それでも現状、真銀はアイドルとして成功しているとは言い難いところが、世の中のままならなさだった。
「あ~、ねえ……でもほんと、ちょっと悪いんだけど、特にあんたの助けになるようなことってないねえ……。警察にも何回も聞かれたんだけどさ」
「そうですか……ですよね」
警察が聞き込みにくるのは当然だ。繰り返し根掘り葉掘り聞かれているすると、その過程で記憶はだいぶ掘り起こされているだろう。
『これは無理、かな』
新事実が浮かび上がることは無さそう……
「あ~、そういえば変っていえば変なことあったかも」
と、思っていたら、定番のセリフと共に新たな可能性が吐き出された。
「どんなことです?」
「四季ねえ、あの時から一回もここに帰ってないの。ほんっとうに、あの日この寮を出て行ってから」
「……ええと」
何か続きがあるだろうと思って待っていたのだが、終わりのようなので戸惑ってしまう。
「朝出てってからよ。おかしいでしょ? 今どっかに逃げてるにしても、そのまんまいなくなってんのよ? 着の身着のまま」
「でもスマホの決済アプリとかクレカとか……預貯金のカードとかあれば」
「バカねえあんた。今警察が追っかけてんでしょ? そんなもん使ったら一発で居所バレちゃうわよ」
言われてみれば当然そうだ。真銀は素人に教えられる不明を内心で恥じた。
「あの、この寮に帰ってないのは確かなんでしょうか?」
「確かも確か。タレント予備軍……の中でも比較的有望なコが使う寮だからね、ここ」
それはそうだろう。有望でなければいくら大手でも寮など用意してくれるわけがない。もちろんSNOWにはそのようなものはない。
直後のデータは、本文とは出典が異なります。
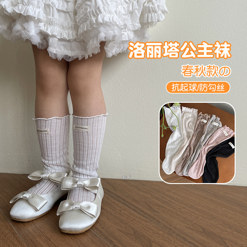 春と秋の春と夏の対外貿易の赤ちゃんの靴下の子供の木の耳の縁の中で筒の靴下はボールのロリータの足の靴下の王女の靴下に抵抗します。
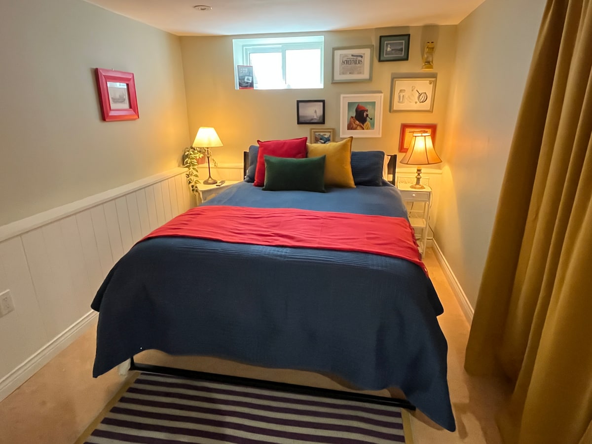 Naša klet z zasebnim vhodom s tipkovnico v West Endu, obdani z drevesi v Torontu, je idealna za turiste ali ljudi, ki prihajajo v mesto na delo. V začetku leta 2025 je bila popolnoma prenovljena s starinskim potovalnim vzdušjem iz petdesetih let prejšnjega stoletja, ki vam bo všeč. Popolnoma nova kopalnica, popolnoma ločena spalnica z zakonsko posteljo (vzmetnica ENDY), TV, pisalna miza ter dnevni prostor s kaminom in raztegljivim kavčem. Na voljo je tudi kuhinjska niša/pralnica. 3 minute hoje do podzemne železnice Jane. Strop 6'5" z 1 spodnjim nosilcem. Živimo v zgornjem nadstropju - enota je izolirana od hrupa.
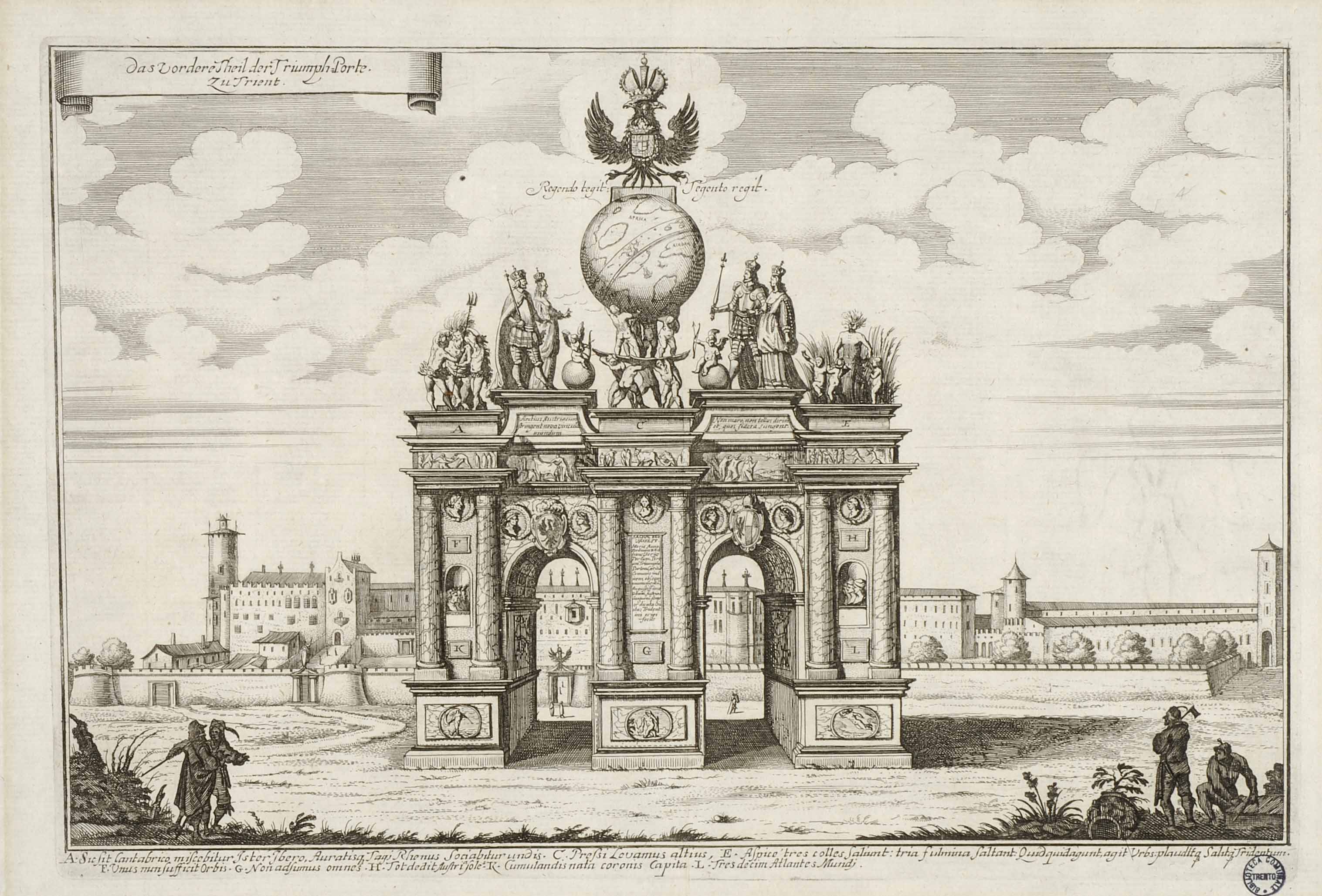 Calcografia, 192x294 mm, 219x318 mm. Disegno attribuito a Ludovico Sardagna, incisione attribuita a Matthäus Merian, pubblicata tra il 1652 e il 1663 a Frankfurt am Main dagli eredi di Matthäus Merian. Cfr. Franco Cappelletti, Imago Tridenti. Incisioni e libri illustrati dal XV al XVIII secolo, Trento, Biblioteca comunale di Trento, 1996, pp. 121-122
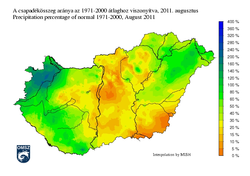 Széles határok között mozgott a havi csapadéknak a sokéves átlaghoz viszonyított aránya is, összességében azonban egy az átlagnál szárazabb hónap képe tárul elénk. A Duna-Tisza közében a csapadékösszegek a szokásos mennyiség 25%-át sem érték el. A csapadéktérképhez hasonlóan a csapadékhozamok aránya is az északnyugati országrészben volt a legnagyobb. Az ország többi részét jelentősen elhagyva, az értékek itt a másfélszeres, kétszeres mennyiséget is meghaladták.
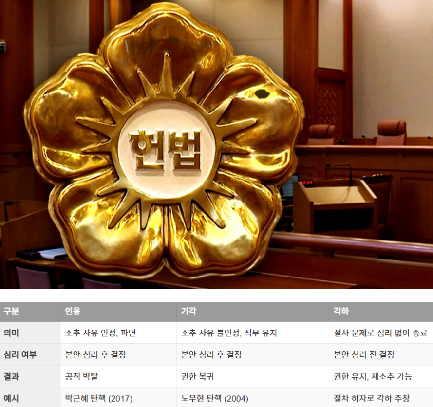 탄핵심판 기각, 인용, 각하 뜻과 차이점 총정리
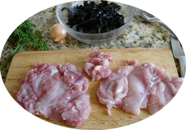 – Réhydrater les champignons dans de l’eau tiède au minimum 2 heures puis les égoutter.
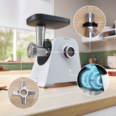 Med en intuitiv betjeningsknap og nem montering af tilbehør, bekræftet af et hørbart 'klik', er kødhakkeren brugervenlig, selv for førstegangsbrugere. De fleste dele tåler opvaskemaskine, hvilket gør rengøringen hurtig og problemfri.
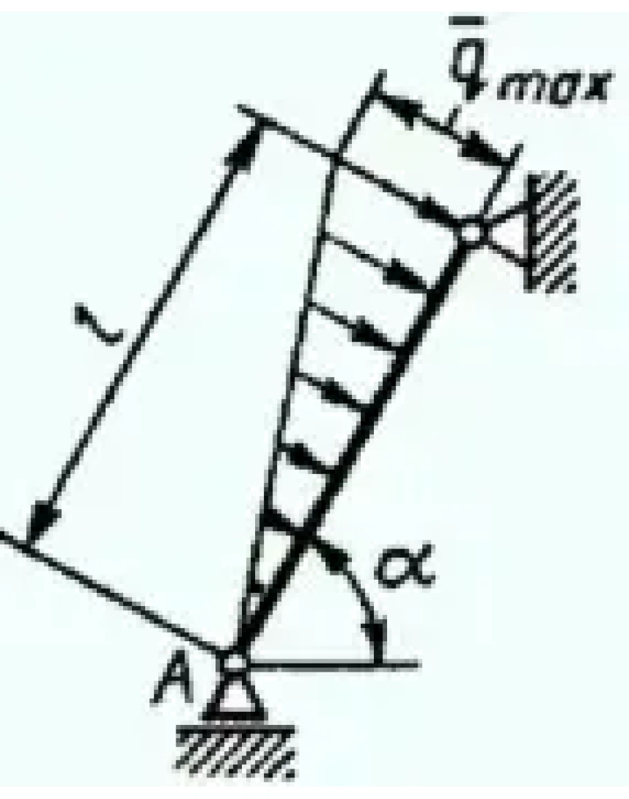 Определить реакцию опоры А, если длина балки l = 0,3 м, интенсивность распределенной нагрузки qmax = 20 Н/м, угол α = 60°.

「監視カメラもついてるし人もいるし、真夜中でも朝早くでもバレないように出入りするのは無理よ」
いやに自信満々だ。職場愛のような感情だろうか。
『上手くやれば出来なくはないかもしれないけど……』
真銀は、ざっと頭の中でこの建物の平面図・立面図と思い浮かべてみる。もちろんもっと詳細な情報を足さなければいけないが、やってやれなくはないような気がした。協力者でもいればもっと容易になるかもしれない。
ただ、警察の地取り足取りでも何も出てきていないのであれば……?
(見られる想定をしていない)誰にも見られずこの寮に侵入。自室に入り必要なものを取ってまた誰にも見られずに逃走。地域の住人達にも、だ。
これは現実的だろうか? どうにも今の時点では真銀には判断が下せない。
「まったくどうなってんだかね。少なくとも私には感じのいいコだったけどね。早く帰ってくりゃいいのに。……嫌いじゃなかったよ」
『好きだったんだ』
真銀は、だんだんとこの女性のことがわかってきたような気がした。
「なんか色々言われてるし、まあ行動からして怪しいってのもわかるんだけどさあ、犯人ではないと思うのよねえ」
「そうですよね」
岡真銀は相槌を打ちながら考える。
確かにこの女性の言う通り、警察が捜査している状況で十代の女の子が一人、いつまでも逃げ続けるのはなかなか難易度が高いだろう。無理だとは言わないが。
それも前もって計画していたのなら兎も角、今回は(おそらく)突発的な状況に押されてやむなくのことである。
「ほんと、早く帰ってくりゃいいのに……」
おばさんは再び、誰に聞かせるというわけでもなく、あえていえば空の上に祈るようぼそっと呟いた。
「ええ」
真銀も一応お義理のような返事をしたが、こちらも最早目の前の人物のリアクションを気にしてはいない。
おそらくこの、根は善良そうな管理人の女性と岡真銀の思考は、決して交わらない方向に進んでいる。
そう、それもこれも夕山四季が生きていればの話なのだ。